Еще потоптавшись на завалинке, Алешка протянул руку, примерился, чтобы постучать в серединный, опушенный куржаком перекресток рамы, и вдруг почувствовал на себе встречный взгляд. В окне была Любкина голова, очерчивалась она жидко, растечно, потом насунулась, и на черном стекле расплющенный нос проступил во тьме пугающе белым круглым пятном, от взгляда и от всего лица тянуло отрешенностью и усталостью.
— Чего тут? Отчего не спишь? — не нашелся Алешка ничего иного сказать. У него сделалось состояние, будто отняли у него дом, Алешка повторил:
— Чего ты?.. Отчего не спишь-то?
— Да вот... — сказала Любка, не меняя в своем выражении усталости и какой-то размягченной отрешенности, это чувство было у нее и в осанке, и в голосе. — Зашла, гляжу...
— Среди ночи-то? — спросил Алешка. — А я, понимаешь... пока туда зашел да сюда... На станции с мужиками пока посидел, новости разные, разговоры всякие... Там поезд с востока был... Солдаты раненые с Порт-Артура приехали.

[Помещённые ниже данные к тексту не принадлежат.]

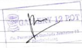
LAMPIRAN A-3 Laporan Pembelian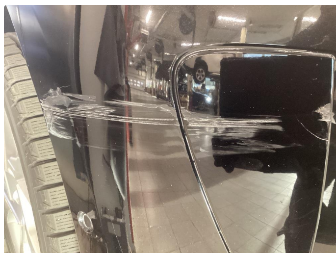
1.2 Riper støtfanger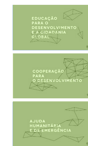
FICHAS TEMÁTICAS DA PLATAFORMA por PLATAFORMA PORTUGUESA DAS ONGD em 2018 língua PORTUGUÊS

O relatório “The State of Food Security and Nutrition in the World 2018” monitora o progresso em direção às metas dos ODS relativas à fome e à desnutrição e fornece uma análise das causas subjacentes às tendências observadas. Este relatório conclui que o número de pessoas que sofrem com a fome no mundo aumentou nos últimos três anos, retornando aos níveis de quase uma década atrás. O relatório confirma ainda que a as alterações climáticas são os principais impulsionadores deste aumento, juntamente com conflitos e crises económicas.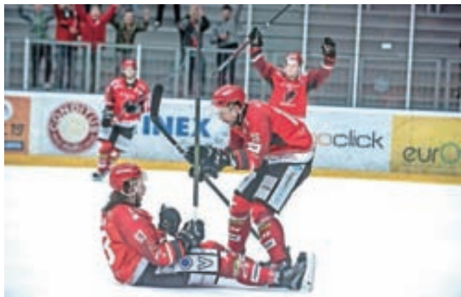
Danes je na sporedu tretja tekma.

Danes je na sporedu že tretja tekma (igra se na tri zmage). Morebitna četrta bo v nedeljo na Jesenicah, peta pa v torek v Pustertalu.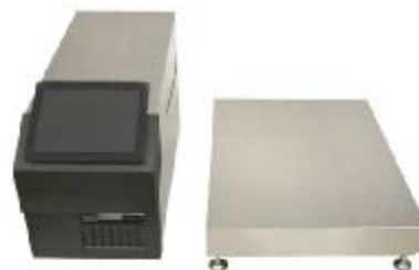
б) весы с исполнением терминала, объединённого с принтером в одном корпусе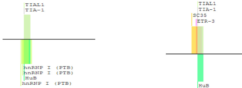
شکل ۴: آنالیز چندشکلی ژن TP53 توسط نرم‌افزار آنلاین Splice Aid2 (A: عدم اتصال دو پروتئین SC35 و ETR-3؛ B: اتصال دو پروتئین SC35 و ETR-3).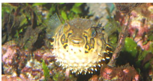
Le poisson porc-épic en posture d'intimidation (gonflement du corps)

Lorsqu'ils sont agressés, certains animaux tentent d'intimider leur adversaire. Ils peuvent pour cela, augmenter leur volume en absorbant une grande quantité d'eau dans une poche de leur estomac (poisson ballon et diodon) ou en dépliant leurs nageoires pectorales de grandes tailles (rascasse, grondin volant). Certains animaux adoptent des postures d'intimidation pour effrayer leurs adversaires (requin gris de récif). Enfin, des espèces peuvent émettre des sons lorsqu'ils se sentent agressés en frottant leurs dents situées au niveau de leur pharynx (poisson ange, grondin)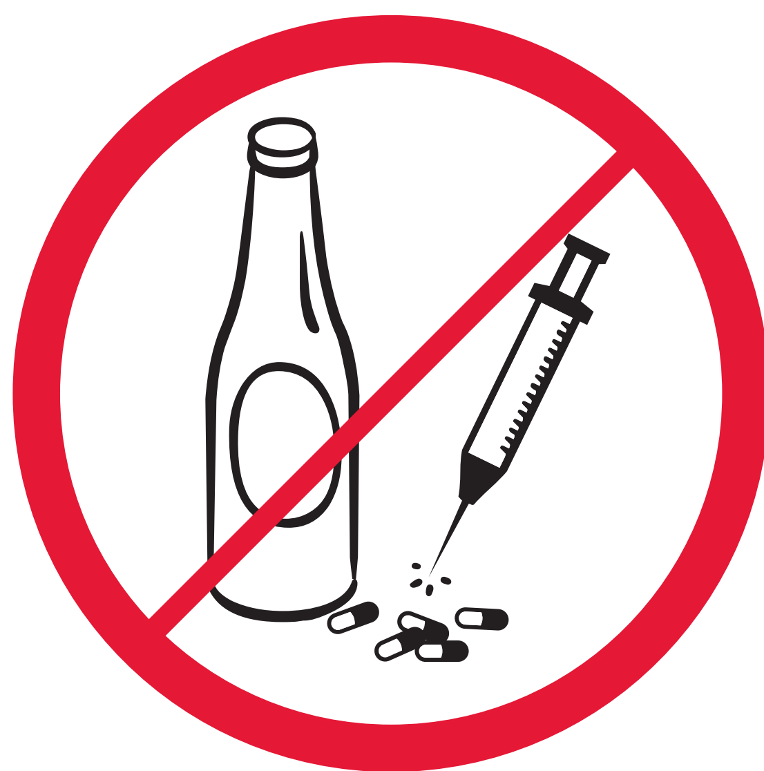
Boissons alcooliques, drogues Alcohol, drugs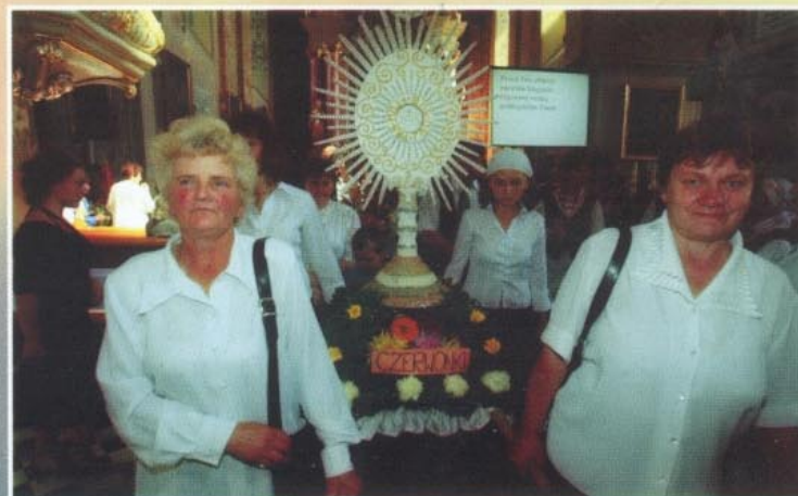
Wieniec w kształcie hostii z Czerwonek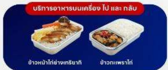
บริการอาหารบนเครื่อง ไป และ กลับ

— А я... я думала... Я думала... тебя где-то уж... Ох, господи! Все уж передумала. Да как же! Как же... Ночь, а тебя все нету. Все в голову лезет. Как же... Тут Стюрка прибегала, опять говорила... Опять кого-то... убили. Среди белого дня. На улице. У церкви. Что делается! Прямо у церкви! Только, сказывают, отошел человек в улицу, а там бегут. С кольями. И давай хлестать. Ну вот... изувечили. Я уж все передумала. Уже ночь, а тебя все нету. Я уж и искать бегала, у знакомых в городе спрашивала.
— Ну, ну, — скованно бормотал Алешка. — Ну-ну...
— И Пашу японцы убили, — уронила Любка. — Казенная бумага пришла.
— Кого?
— Пашу. Братика.
Алешка не был в дружбе с Любкиным братом. В прошлом году Пашка поддался патриотизму, точнее, уговорам вербовщика, ездившего по Колывани и по другим деревням: ушел добровольно на японский фронт. Совсем никаких вестей от него не было. Тесть приезжал, жалел сына и ругал его же: «Дурак! Губошлеп! Своего ума ни в башке, ни в другом каком месте. Хозяйство оставил, землю всю на отца кинул, а сам полетел. Чего ради? Закон есть: от справного хозяйства не трогать на войну, голытьбы достаточно, им идти... А он — туда же! Тьфу, губошлеп!»
В конюшне, где густо напрели запахи шерсти, пота и мочи, Алешка задал сена лошадям, нашумел на неспокойного, дураковатого мерина, в радости больно толкнувшего угловатой костяной мордой его в спину. Алешка, гася в себе раздражение, прошел в другой угол двора, набрал там из поленницы беремя дров, вернулся опять на высокое настывшее крыльцо, которое было лунным светом разлиновано на зубчатые шаткие полосы. Решил прогреть дом.